Wal-Mart's policy is just bad business, and it will have to change if more bands follow Green Day's lead. After all, if Green Day has been able to sell more than 200,000 copies of the CD in its first week without Wal-Mart's blessing, other established acts are unlikely to compromise when their labels press them for a clean version.
I give this policy another year or two tops at Wal-Mart. It has to change, mostly because it is insanely hypocritical. Wal-Mart already sells R-rated DVDs and M-rated video games, because missing out on the handsome revenue from moving copies The Reader or Halo would simply be too great. So what's the difference? If anything, one can argue that a graphic R-rated flick or a violent M-rated shoot-'em-up game leaves more of an impression than a singer does by letting a few expletives fly.
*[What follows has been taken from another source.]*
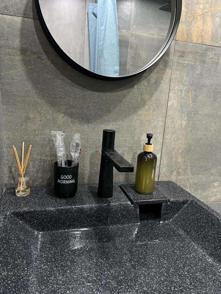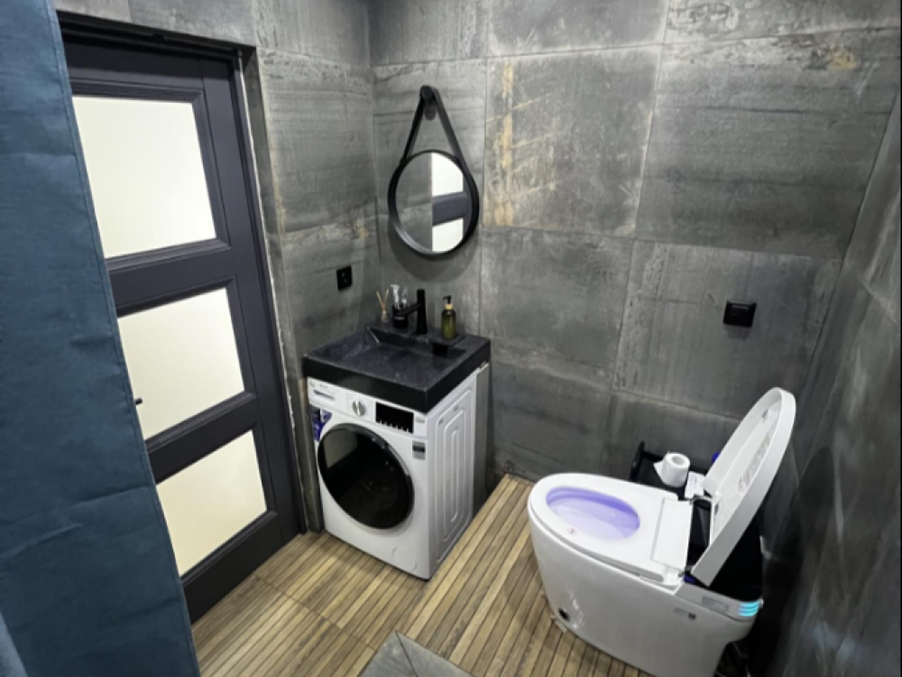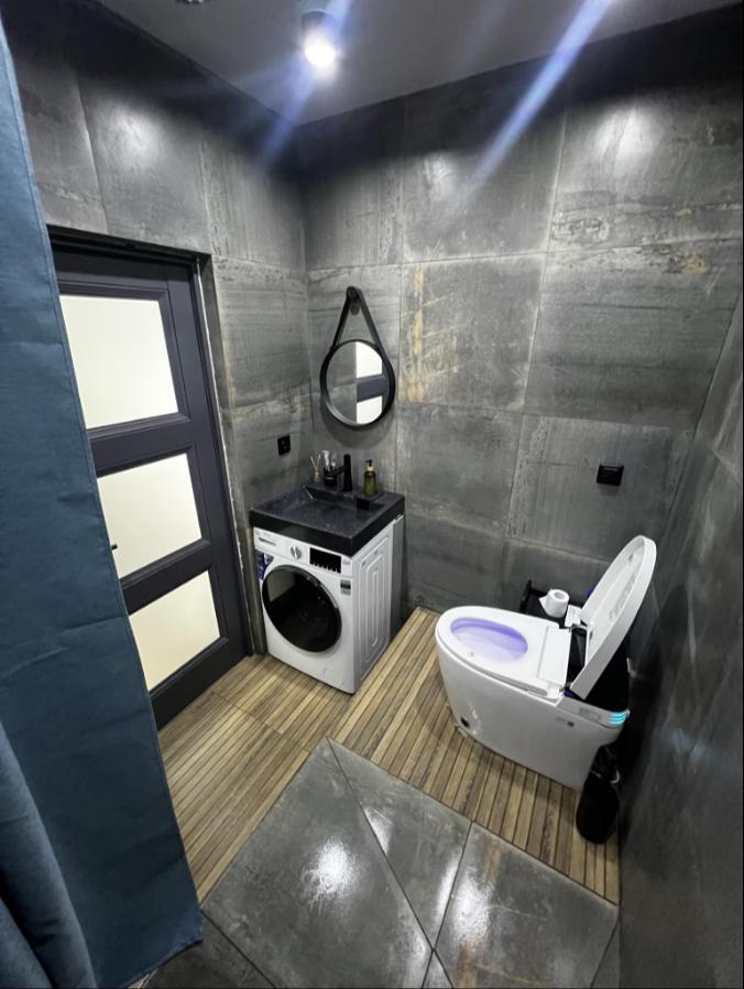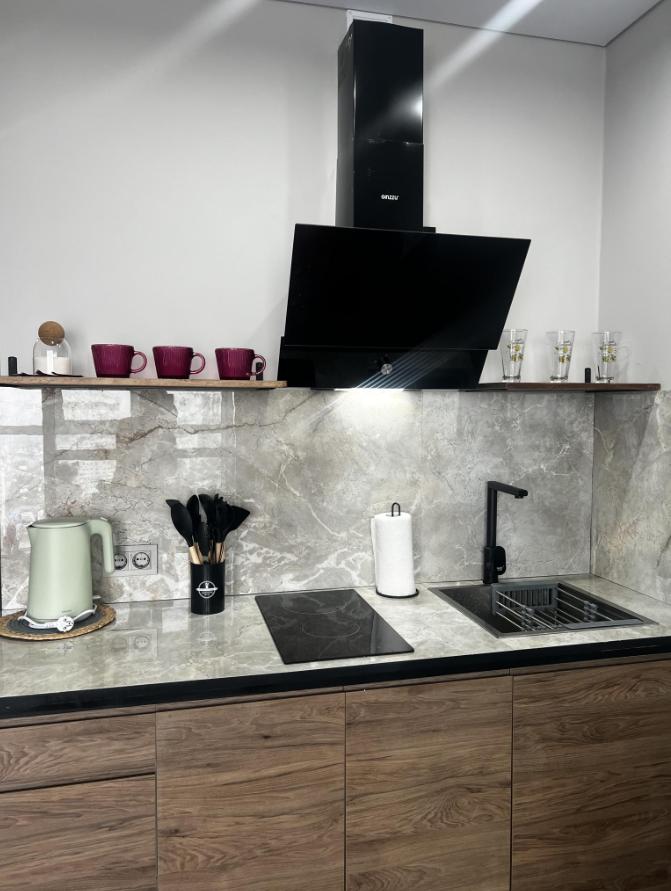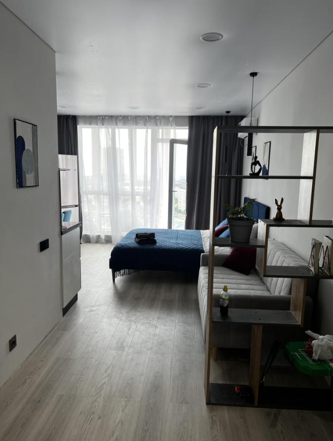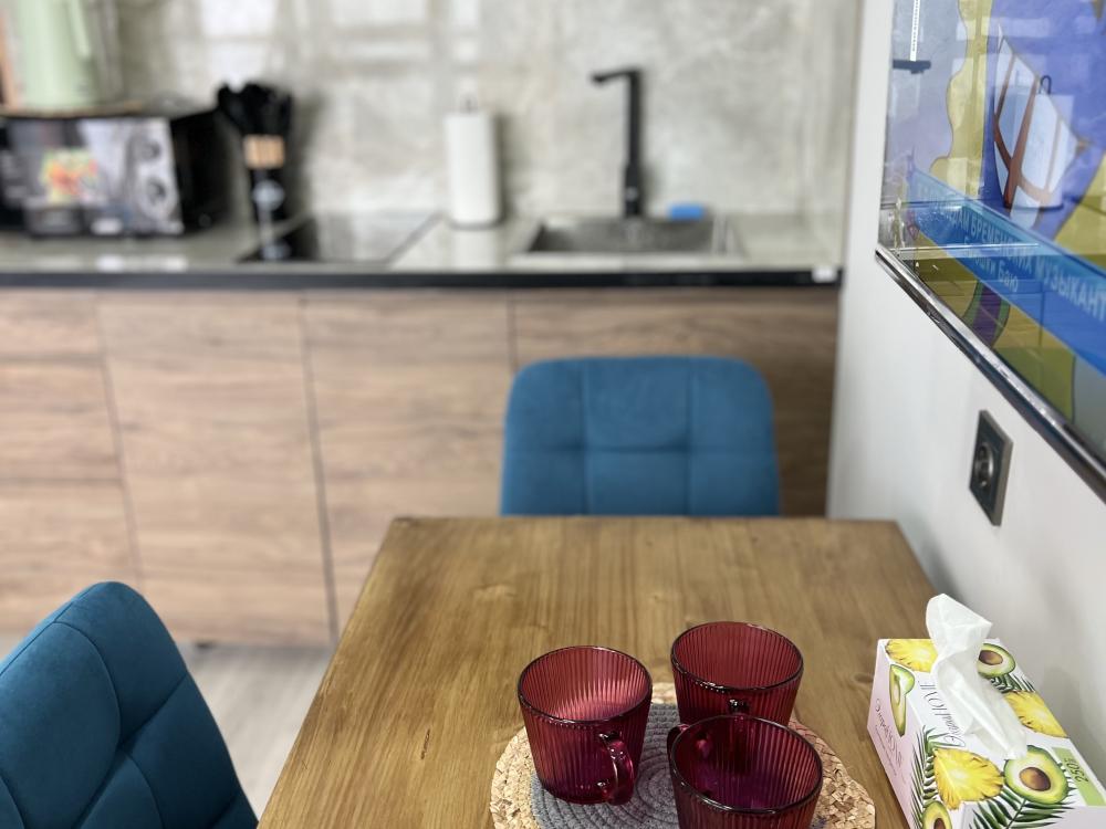 Квартира оснащена всем необходимым для комфортного проживания гостей. Имеется кухня с посудой и бытовой техникой, в ванной установлена стирально-сушильная машина, температурный режим в квартире поддерживают теплые полы и стены, кондиционер, конвекторы. Бытовая техника: SMART Телевизор, микроволновая печь, пылесос, утюг, фен, большой вместительный холодильник.

Wal-Mart is the leading bricks-and-mortar retailer of prerecorded music. Will it stay that way if it misses out on more top-selling CDs? Forget about justifying the double standard. This is just going to be bad for the discounter's store traffic and bottom line.
Sure, companies have a right to draw the line. Netflix
In short, a Wal-Mart without M-rated video games, R-rated DVDs, and steamy romance novels wouldn't be the same successful company it is today. It's time for the company's music-vetting policy to change with the times.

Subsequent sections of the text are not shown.